At that point, the conversation shifted to the notion of objectivity.

Estiloz recounted an experience where he was assigned to cover a high school teacher getting beaten by a student’s father. The parent landed only about one or two full punches, but when Estiloz and his news editor were writing the script, Estiloz realized she was trying to sensationalize the story, using phrases like “going berserk.”

“You know they try to sensationalize everything because they want the ratings; they want to be the first ones to report it,” he said. “But, dammit, take your time and don’t compromise the integrity of objectivity with smaller events such as this.”

Varela said the notion of objectivity is a construct to keep underrepresented voices in check when the stories address systemic issues that might directly affect the identity and community of the journalist covering it.

“Let’s say I’m covering the deportations under either the Obama or the Trump administrations,” Varela said. “Do I really need to hear the other side? If I ask the [Immigration and Customs Enforcement] agents, their job is to cover it up.

“When it comes to deep-rooted issues of minority communities, objectivity is going to serve no one but the ones who are enacting and trying to shelter the suppression,” he said.

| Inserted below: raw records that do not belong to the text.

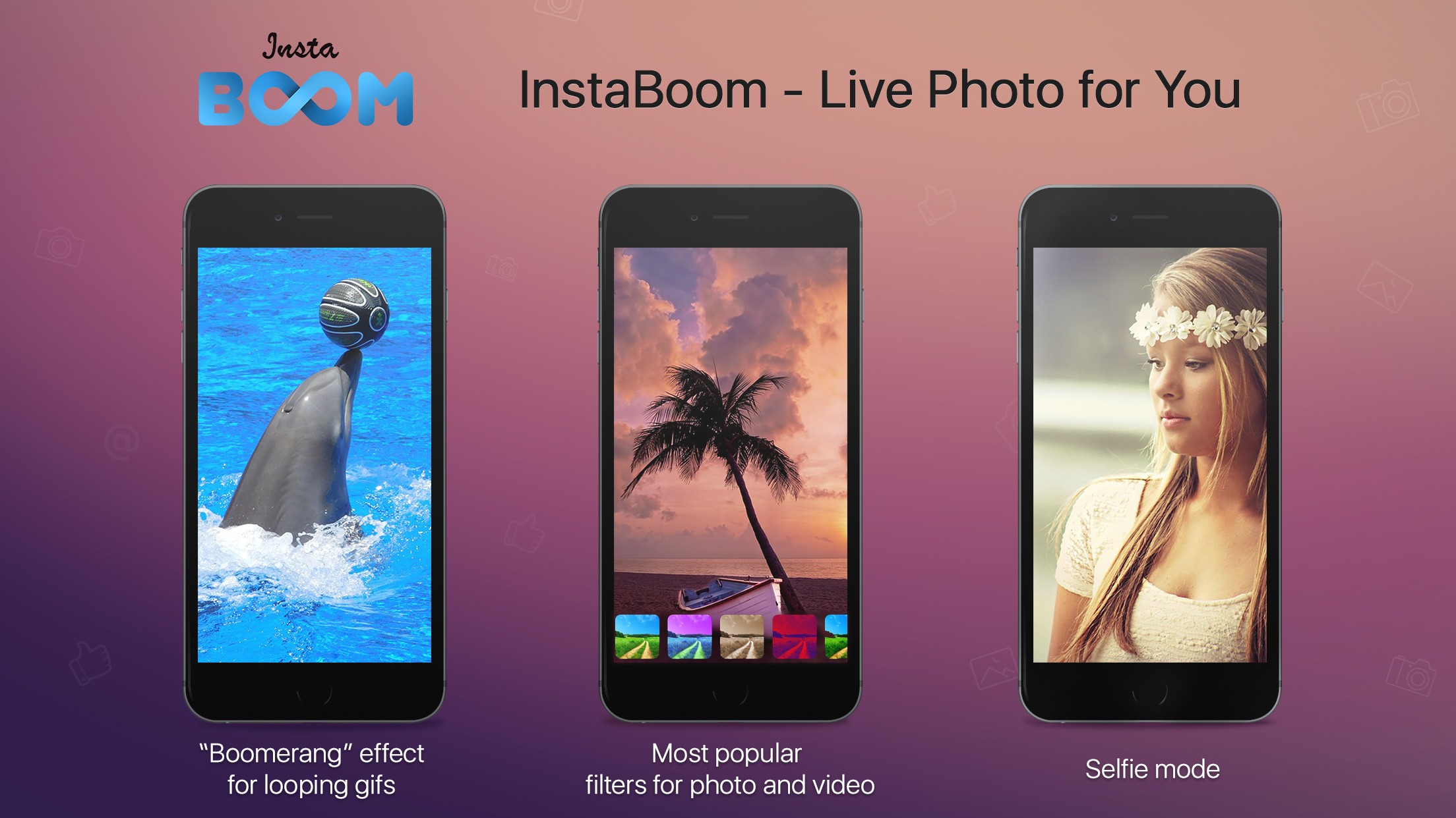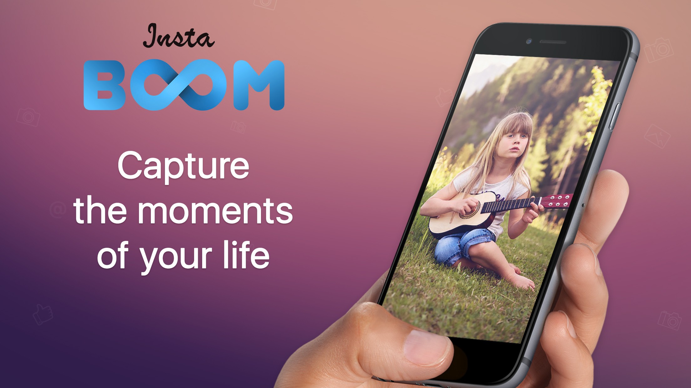 InstaBoom lets you shoot ONE-SECOND videos that quickly play forwards and backwards. The so-called "boomerang" effect helps to create small cinematic masterpieces shot by shot - infinite shots, if you want - as long as the video is no more than 5 seconds in length.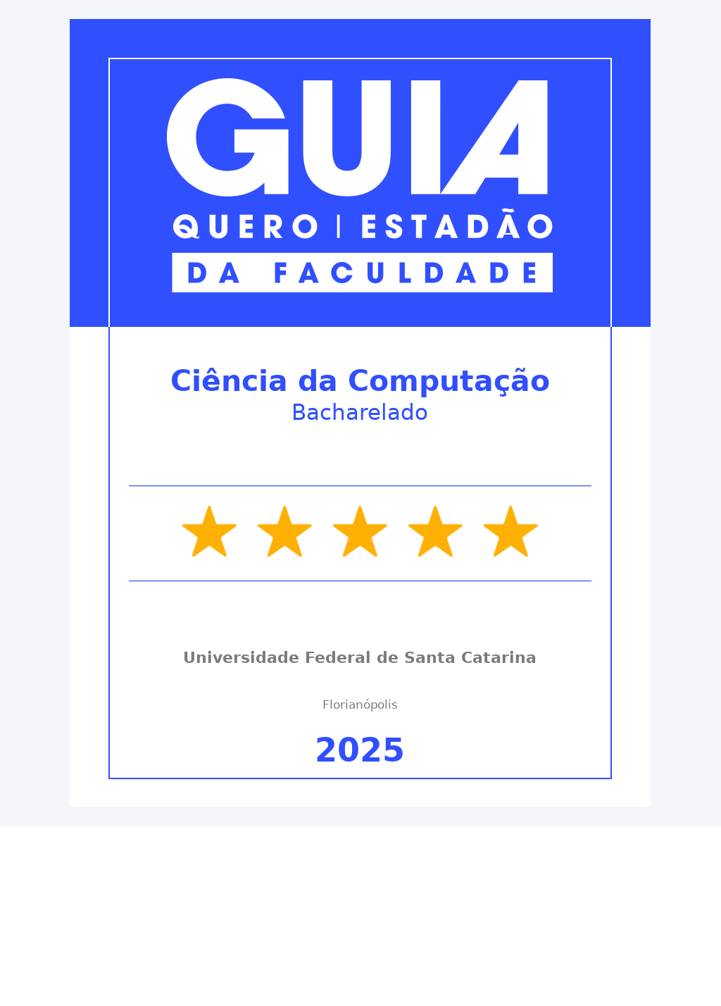 O curso de Bacharelado em Ciência da Computação conquistou 5 estrelas na avaliação do Guia da Faculdade, fruto da parceria entre a Quero Educação e o jornal O Estado de S. Paulo. Dentre os 389 Cursos de Ciência da Computação avaliados, apenas 17 receberam 5 estrelas. Isto mostra o compromisso da UFSC e do Curso de Bacharelado em Ciência da Computação com o ensino de qualidade e a formação acadêmica e profissional de excelência. Mais informações sobre o processo de avaliação e seus resultados estão disponíveis em https://publicacoes.estadao.com.br/guia-da-faculdade/
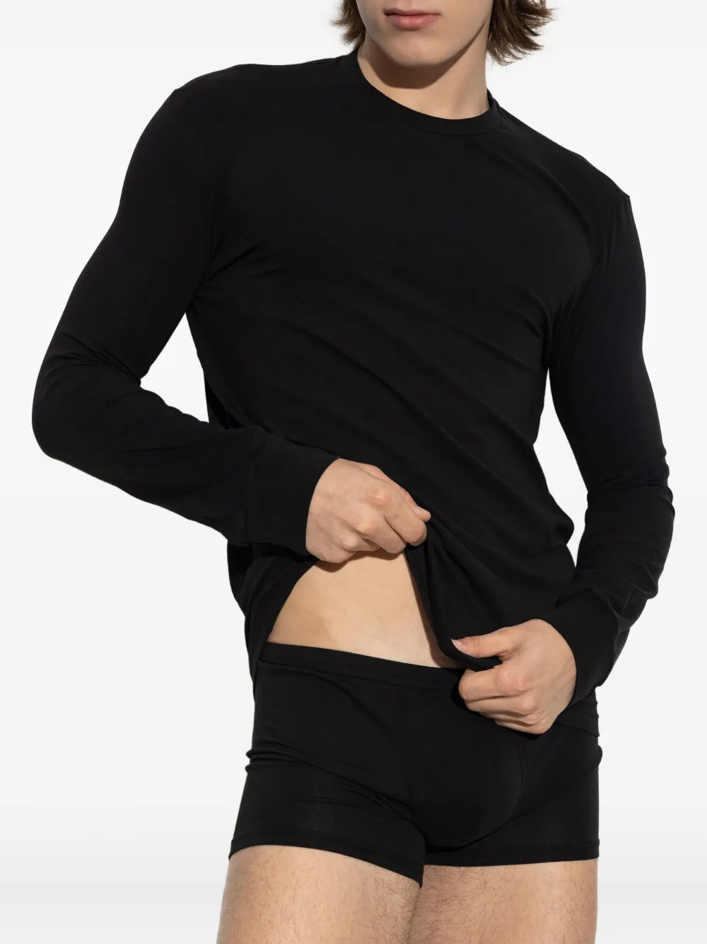 Черный, с длинными рукавами и круглым вырезом, с логотипом сзади.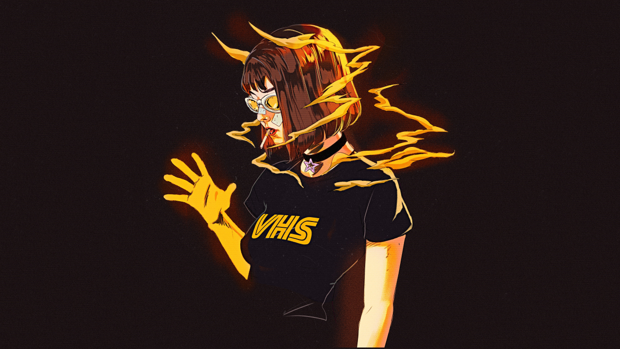 女人、短发、深色头发、眼镜、窒息、数码艺术、插图、极简主义、黑色、黑色背景、烟、烟雾、噪音、简单背景、项链、创可贴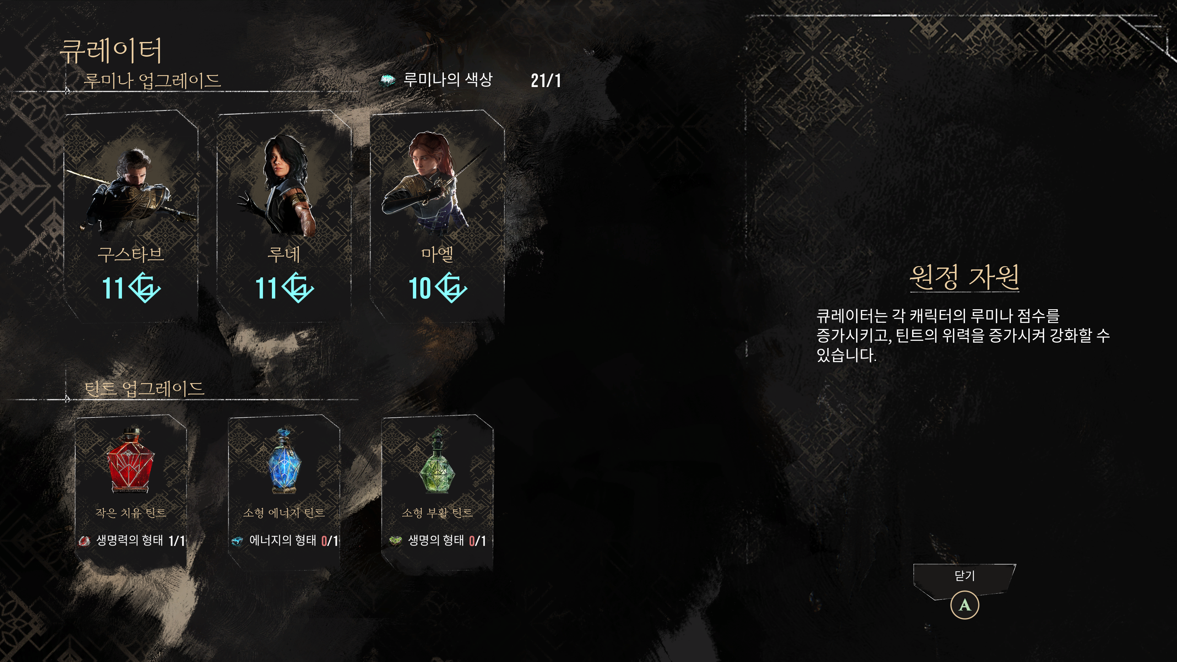 큐레이터를 통해 무기와 영약을 강화하거나, 루미나 점수를 올릴 수 있다.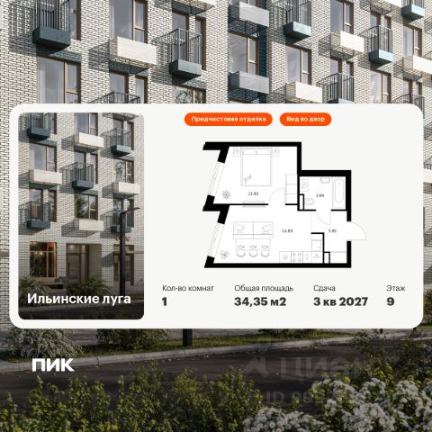Продаётся 1-комн. квартира площадью 34,6 кв.м на 8 этаже 9 этажного дома (Корпус 3.5, Секция 4) проекта ПИК Ильинские луга. Светлый просторный подъезд на уровне земли, функциональная планировка, большие окна, предчистовая отделка. Жилой район "Ильинские луга" находится в 10 километрах от МКАД по Новорижскому шоссе, в 20 минутах на автомобиле от станций метро "Волоколамская", "Тушинская" и "Строгино". В будущем ближе к проекту, в 9 минутах пути на машине, откроется станция "Ильинская" Рублёво-Архангельской линии, которая будет соединять Арбатско-Покровскую линию и Большую кольцевую линию. Сейчас в квартале начались продажи в корпусах 3.2, 3.3, 3.4, 3.5 и 3.6. "Ильинские луга" — масштабный проект, в который входит девять детских садов, четыре школы и поликлиника. Он строится в престижном и экологичном районе среди лесов и памятников природы. За 5 минут от жилого квартала можно доехать до Рублёво-Успенского шоссе, а за 30 минут — до центра Москвы. До крупного торгового центра "РИГАМОЛЛ" всего 5 минут на автомобиле, а до ТЦ "Твой дом" и гипермаркета "Глобус" — 10 минут. В "Ильинских лугах" строятся только девятиэтажные дома — такая архитектура соответствует спокойной жизни за городом. В каждом дворе-парке есть места для отдыха, детские и спортивные площадки. А ещё, здесь уже открыт большой PlayHub "Гравити" — современное игровое пространство с космической тематикой, холмами, зонами для игр и отдыха жителей любого возраста. На первых этажах уже работают магазины, кафе и пекарни. Места для отдыха от "Ильинских лугов" тоже недалеко: 10 минут на машине — и вы в музее-усадьбе "Архангельское". Также рядом находится Лохин остров — памятник природы, где водятся речные черепахи, есть места для кемпинга и возможность сплавиться по реке. Артикул 1001866 (Застройщик ООО "СЗ "ГРАДОЛИМП")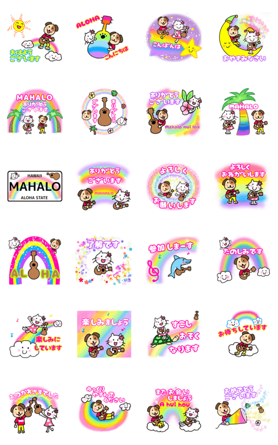 見るだけで幸せな気持ちになる虹とウクレレを弾くワンコ&ニャンコです。楽しい毎日にお役立ていただけたら嬉しいです。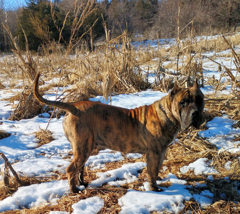 Since Aruco is such a great mix of famous Spanish Champions, he is a very correct Presa Canario, a direct representative of the breed standard. We look forward to using him exclusively for our program here. Stay tuned, as his career is just getting started.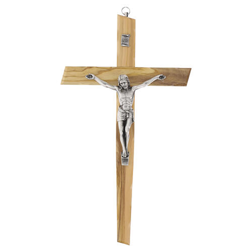 Crucifix artisanal en bois d'olivier, corps en alliage argenté, 30 cm.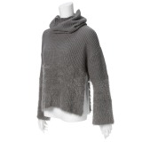 ミューリエ共布スヌード付異素材使い長袖プルオーバー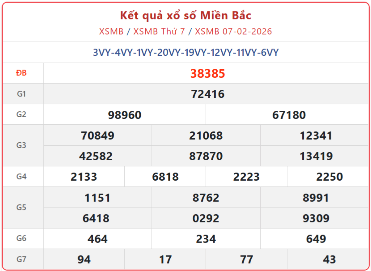 - Xổ số miền Bắc mới nhất ngày 7/2/2026. Xem lại KQXSMB ngày 7/2/2026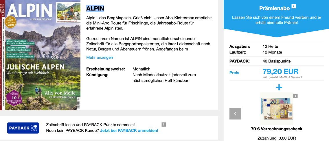 12 Ausgaben ALPIN für nur 79,20€ und dazu 70€ Verrechnunsscheck als Prämie

Samantha Avalos ’19, a Journalism major and director of WEBN, said she appreciated what Varela had to say about developing an ethic of nonstop writing and editing, and that though a multimedia journalist could start locally, they could also start on national digital media outlets if they’ve managed to amass bylines through independent outlets.

“It was something that genuinely got me thinking, like the dichotomy of a journalist starting in the local scene, as opposed to a journalist, if they have enough clips and bylines under their belt, starting out at an outlet like VICE, Splinter, the Huffington Post,” Avalos said.

NAHJ-Emerson President Jacqueline Menjivar 19, also a Journalism major, said she hoped the audience was able to take something away from the evening.

“Hopefully, we could be to the next generation of Hispanic journalists, and to journalists of color overall, what Tim was to Pedro DeJesus. That’s kind of why we’re here—to hopefully become the space that we rarely saw,” she said.